The speed with which the Trump administration has hit the ground and heaved executive orders and ultimatums at domestic targets and foreign states has been breathtaking. We’ve seen threatened tariffs, threatened takeovers of Greenland and the Panama Canal, the re-naming of the Gulf of Mexico/America and the freezing of all payments from key US bodies.
But the most important and far-reaching announcement President Trump has made so far is the statement that he had held an hour and a half telephone discussion with President Putin of Russia on the war in Ukraine.
What I found worrying in all of this isn’t just that Trump didn’t speak to Ukrainian President Zelensky first, but that in this conversation he casually conceded two critical points without getting anything from Putin in return. First the Ukrainian territory that Russia has seized, which many Ukrainians have died to defend, and second, potential Nato membership for Ukraine.
President Trump’s Defence Secretary Pete Hegseth, at the same time in Europe, was correct to say that European nations have for too long ridden on the coattails of America. He is also right to insist that Europeans should take on responsibility for European security and right to criticise the fact that for too long European countries made themselves dependent on Russian oil and gas while defence budgets were raided.
Even though I agree that the US needs to shake Europe up over its failure to spend enough on defence, I don’t agree that the US should pull the plug on Ukraine. That will be a self-defeating position, and it will only increase the threat to the US, not diminish it.
To get this straight, Ukraine has never asked for US boots on the ground in their fight.
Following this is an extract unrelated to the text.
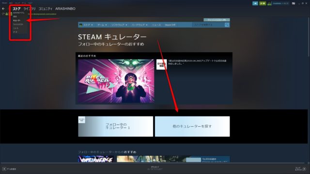 Steamで新しいゲームを探すときに便利なキュレーター、探索とウィッシュリストの使用方法・活用方法を紹介します。
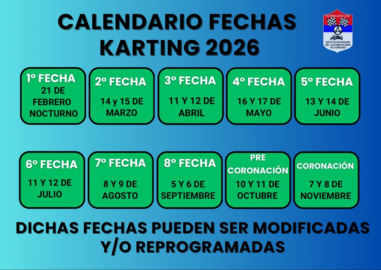 El Victoria Auto Club oficializó las fechas que compondrán el calendario 2026 del Karting Victoriense, el cual se desarrollará íntegramente en el circuito El Cerro de la Matanza, epicentro habitual de la actividad local y regional.

Ukrainians have long realised it is their responsibility to fend off their brutal neighbour. What they have asked for and too often failed to get is the proper equipment to do what they must, without insane restrictions on its use. That the war has lasted three years is largely down to Western dithering and inconsistency. Ukrainian troops have been forced to fight with one hand behind their backs. The delays on everything from F-16 fighter jets and main battle tanks to 155mm artillery shells and ATACMS missiles have cost them dear in human losses and Russia’s incremental advances.
Having just returned from Ukraine, close to the Russian border in the Southeast, I have seen the effects of Western weakness first hand. I have also seen the incredible resolve and belief in democracy that have characterised the Ukrainian nation.
The real threat to the US is the rise of the totalitarian states. Russia, Iran, North Korea and of course China and their proxies across the world. You can see how coordinated these nations are, from Iran’s support for Russia and its attacks by Hamas and Hezbollah on Israel. North Korea and China’s support for Russia’s invasion of Ukraine has also been significant, while Russia’s transfer of missile technology to North Korea is now increasing the threat to the US in the Indo-Pacific.
All these nations have watched the failure of the free world to step up when democracy has been threatened. From South Ossetia in Georgia through the Russian Invasion of Ukraine in 2014 and the disgracefully panicky abandonment of Afghanistan, we have shown that we are weak in the face of their ambitions.
Russia is determined to re-create the Soviet Union and China is equally determined to seize Taiwan – these ambitions are inseparable. Whether the incoming administration likes it or not, the road to Taiwan runs right through Ukraine. Abandoning Ukraine to the rapacious demands of Putin will make China’s demand for Taiwan even stronger, intensifying what the Trump administration sees as its primary foreign challenge.
In 1938, in Munich, Czechoslovakia was forced by France and the UK to hand over the Sudetenland to Hitler in the hope that Hitler would be appeased and end his further territorial ambitions. Sadly, like Zelensky today, the Czech Prime Minister was absent from the negotiation. Hitler went on to gobble up the rest of Czechoslovakia and then Poland. The subsequent war led to 60 million dead.
Today, as with Germany in the 1930s, China and Russia’s territorial ambitions are undiminished while – as in the 1930s – the West looks divided and Irresolute. If the US President forces Ukraine to accept the loss of its territory Putin will have won. History will be repeated and we will have learned nothing from the past, for Putin will re-group and come back for the rest of Ukraine.
Chamberlain once said of Czechoslovakia that this is “a quarrel in a faraway country, between people of whom we know nothing.” My worry is that the same sentiment is alive and well in the US at the moment, and that in the laudable pursuit of peace in Ukraine, justice is simply abandoned.
I ask President Trump to think again on his present course, otherwise he may well risk becoming our era’s Neville Chamberlain.